Читать книгу «Я навсегда тобою ранен...» онлайн полностью📖 — Андрея Орлова — MyBook.

Глава первая

10 сентября 2006 года.

Где-то между Абаканом и Тывой, Таштаголом и Саяно-Шушенским водохранилищем...

Звонок телефона совпал с сигналом будильника. Первым делом я решил прихлопнуть последнего. Стукнул кулаком по тумбочке, но этот гад оказался на краю, свалился, продолжая верещать. Куда-то пополз от меня. Со второй попытки я его настиг, прихлопнул, проснулся и, испытывая смутное подозрение, что не за горами поход в универмаг за новым будильником, потащился к телефонной тумбочке.

– Вы ошиблись... – просипел я в трубку.

– А хрен-то тебе, – злорадно отозвалось непосредственное начальство. – Долго спишь, начальник уголовного розыска! Или ты там не один? – голос майора Неваляева, начальника Рыдаловского РУВД, сделался на полтона ниже и каким-то любознательным.

– А вы приходите в гости, Игнатий Филиппович, в бельишке покопайтесь... – Я зевнул и чуть не вывихнул челюсть.

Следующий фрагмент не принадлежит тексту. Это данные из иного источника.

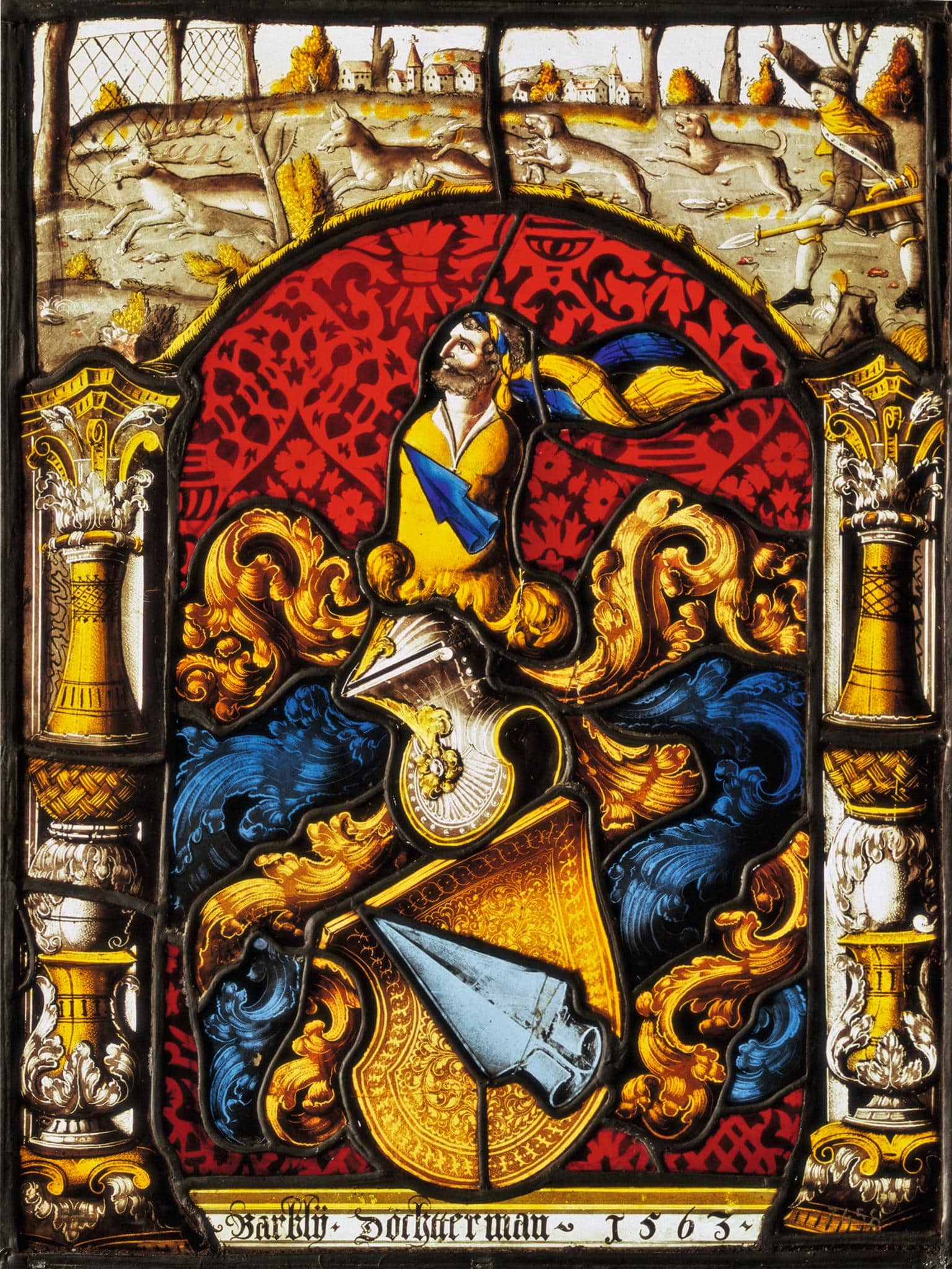 Zwischen zwei reichen blattverzierten Balustersäulen nimmt vor rotem Damastgrund das volle Wappen Techtermann das Mittelbild ein. Das Oberbild zeigt über dem schmalen Astwerkbogen eine Jagdszene: in einer weiten dörflichen Landschaft treiben Hunde einen Hirschen und ein Reh in das zwischen Bäumen aufgespannte Fangnetz. Der Jäger, der seine Jagdhunde mit einer Geste vorhetzt, folgt rechts mit dem Spiess in der Hand, mit Pelzmütze und Halstuch warm gekleidet und das Horn um die Hüfte gebunden. In der Fusszone nennt die Inschrift die Stifterin und das Stiftungsdatum.

Зачем звонить, если я и так пойду на работу?!

– Ты ласковый парень – в шесть-то неполных утра, – фыркнул шеф. – Не догадался еще, к чему я тебе звоню?

– К радостным хлопотам?

– Ладно, протирай зенки. На работу можешь не заходить.

– Отличная новость, – я извернулся и раздавил тапкой лицо усатой национальности, собравшееся удрать под тумбочку. – А что случилось, Игнатий Филиппович? Восемь человек пропали в тайге при испытании новой модели компаса?

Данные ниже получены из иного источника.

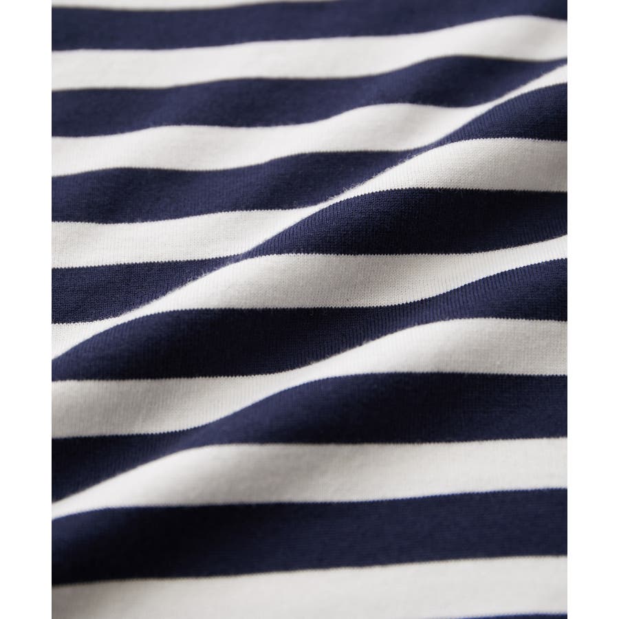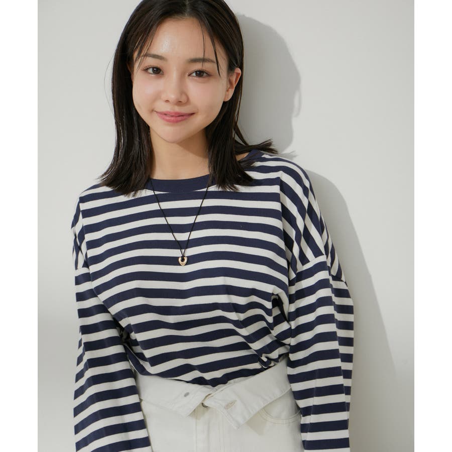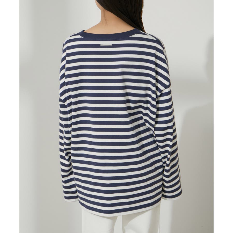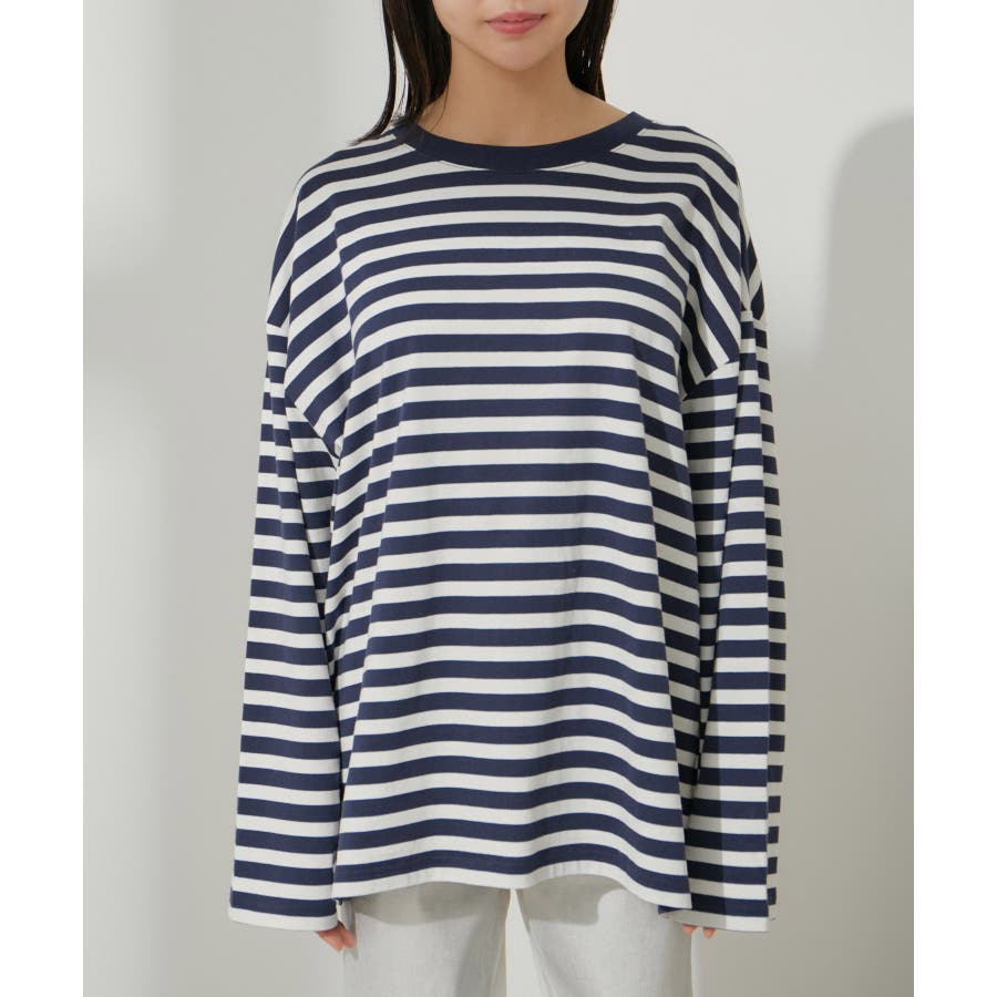 ◆2024春夏◆ 【デザイン・シルエット】 ワイドスリーブのオーバーサイズボーダーカットソーです。 ・袖がワイドスリーブになっているのがトレンドポイント。 ・バックネックの部分にぷっくり刺繍でワンポイント。 ・ヒップが隠れるゆったりオーバーサイズ。 【素材】 天竺カットソー素材を使用。 気軽に洗濯機洗いができるのも嬉しいポイントです。 【カラー】 ベーシックなネイビー×ホワイトボーダーと、今年一押しのトレンドカラーでもあるボルドー×サックスブルーボーダーの2色展開。 【おすすめのスタイリング】 袖口がワイドスリーブになっているので、カジュアルになりすぎないところが可愛いです。 デニムとの相性はもちろん、Iラインスカートとの相性も抜群です。 インアウトどちらでスタイリングしても◎。 ----------------------------- 裏地:なし 光沢感:なし 透け感:なし 伸縮性:あり 生地の厚さ:普通 季節:春、秋 ----------------------------- 【モデル着用サイズ】 全色モデル身長:155cm、着用サイズ:F ※こちらは、WEB店舗/アウトレット店舗限定の商品です。 ※画像の商品はサンプルです。 実際の商品と仕様、加工、サイズが若干異なる場合がございます。

– Остряк недоученный... – проворчал шеф. – Комсомольская, 66. Свежий труп. Мужчина лет сорока, не из местных. Снимал полдома у Завьяловой Валентины – в десять вечера был еще жив. Покойника обнаружила хозяйка – имеется у нее, в отличие от некоторых, обыкновение – вставать до рассвета. Вызвала «Скорую». Дежурный медик постучал по голове, вызвал патрульных. Те тоже не титаны ума – запросили уголовный розыск.

– А вы тут при чем, Игнатий Филиппович? – удивился я.

– Вот и я того же мнения, – в голосе начальства проявилось раздражение. – Езжай, разберись.

– Признаки насильственной смерти?

– Возможно. По крайней мере, непонятное. Медики подъедут минут через пятнадцать.

Положив трубку, я несколько минут сидел, привалившись к тумбочке. Погладил кота, который тут же принялся меня облизывать. Торопливость неуместна – куда спешить трупу? Аккуратно, чтобы не развалить эту хлипкую древность, я поднял с пола телефонный аппарат, отделил от него трубку, набрал простой четырехзначный номер.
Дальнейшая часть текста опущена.